Cardinal Query Sins

October 6, 2009

I am not an agent. I do not have an agent. I did once talk to an agent on the phone. I babbled. My cousin happened to be with me at the time (we were having lunch) and, afterward, said I hadn’t looked that nervous since I decided to ask Brent C to the eighth grade formal dance.

All of this is a roundabout way of telling you that I am completely unqualified to give query advice. That won’t, however, stop me from presenting you with my list of TOP TEN CARDINAL QUERY SINS (I figured it deserved capital letters).

  1. Start off with a rhetorical question. I’m not saying they can never work but enough agents hate them that you’re probably better off steering clear.
  2. Mention movie potential. Mentioning series potential is debatable (I think it’s fine for certain genres, others disagree) but mentioning movie potential is definitely the sign of an amateur. Concentrate on selling the agent on your book.
  3. Mention that another agent passed but said your character, plot, premise (insert item of choice) was great. You’d think this one would be common sense but, alas, not always.
  4. Use the words “fiction novel” (science fiction novel, however, is fine). I’ve read this in more than one query and it sets my teeth on edge.
  5. Tell the agent that this is your first book. Good agents are sharp (and , hopefully, you’re only querying good agents). When you don’t list your publishing credits, they’ll figure things out.
  6. Quote your characters. Don’t. Just don’t.
  7. Compare your novel to Twilight.
  8. Waste space on irrelevant details. You don’t have to tell the agent that you love to write or that you have a blog about kittens (unless your book is about cats). The goal of your query is to interest an agent enough to read your pages. Always ask yourself if the details you are including work towards that goal.
  9. Begin with “Dear Agent/Sir or Madame”. You spent year(s) working on your manuscript. For the love of 12 point Times New Roman, take a few seconds to properly address the query letter. And, for the love of Courier, don’t Cc other agents when you send it. One agent. One letter. One email.
  10. I leave up you, faithful commentators. What’s your cardinal query sin?

– Kathleen who receieved some wonderful feedback (on AW) about her query letter from Janice Hardy. Her new MG book, The Shifter, hits shelves today. Congrats Janice!

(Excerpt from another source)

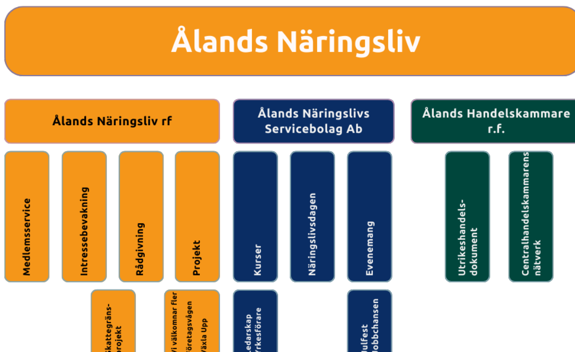
Figur 1: Ålands Näringslivs organisation

Då föreningen Ålands Näringsliv bildades 2011 bestod organisationen av två föreningar (Ålands Näringsliv samt Ålands Handelskammare). Båda föreningarna är aktiva idag. Under 2014 grundades Ålands Näringslivs Servicebolag Ab, vilket är ett helägt dotterbolag till Ålands Näringsliv r.f. Servicebolaget arrangerar Ålands Näringslivs kurser och evenemang. Ålands Näringsliv bedriver således idag verksamhet under tre olika juridiska personer, även om vi på Åland alltid beskriver oss som "Ålands Näringsliv".

  1. So, I shouldn’t say that my kitten purrs the loudest when I read from page 21 of my Twilight-esque paranormal romance, and I quote, “Eduardo stroked my hair, like he would a tiny kitty. I lapped up his love like sweet milk.” ???????


    How about a YouTube homemade book trailer link? 😀

  2. You mean, I shouldn’t say my Love Interest is Edward-esque? Lol. Great post! I’d add:

    DON’T call the agent by the wrong name. Example: Apparently, Ginger Clark at Curtis Brown gets addressed as Ms. Brown quite frequently. Yikes. Also, calling her Mrs. Clark vs. Ms.? No. Take the time to get the name correct–because turning the agent off with the salutation? Never a good idea.

    DON’T forget word count. Oh, and while we’re at it–please round. Another good way to distinguish yourself as an amateur is to say, “My YA novel, complete at 72,369 words.”

  3. Great advice, and nicely helpful. Just one question:

    How’d things turn out with Brent?

  4. Sadly, before I could ask him, my best friend humiliated me by getting his little sister to ask him if he liked me.

    I didn’t talk to my friend for months and he ended up taking Stacy to the dance who, being bulimic, kept making excuses to go to the washroom.

    – Kathleen

  5. You should write about this, Kathleen. Sounds like a YA novel in the making, loosely based on actual events. HAHA! Just saying. 🙂

  6. My first query letter was so terrible, I committed more like 30 sins. TERRIBLE!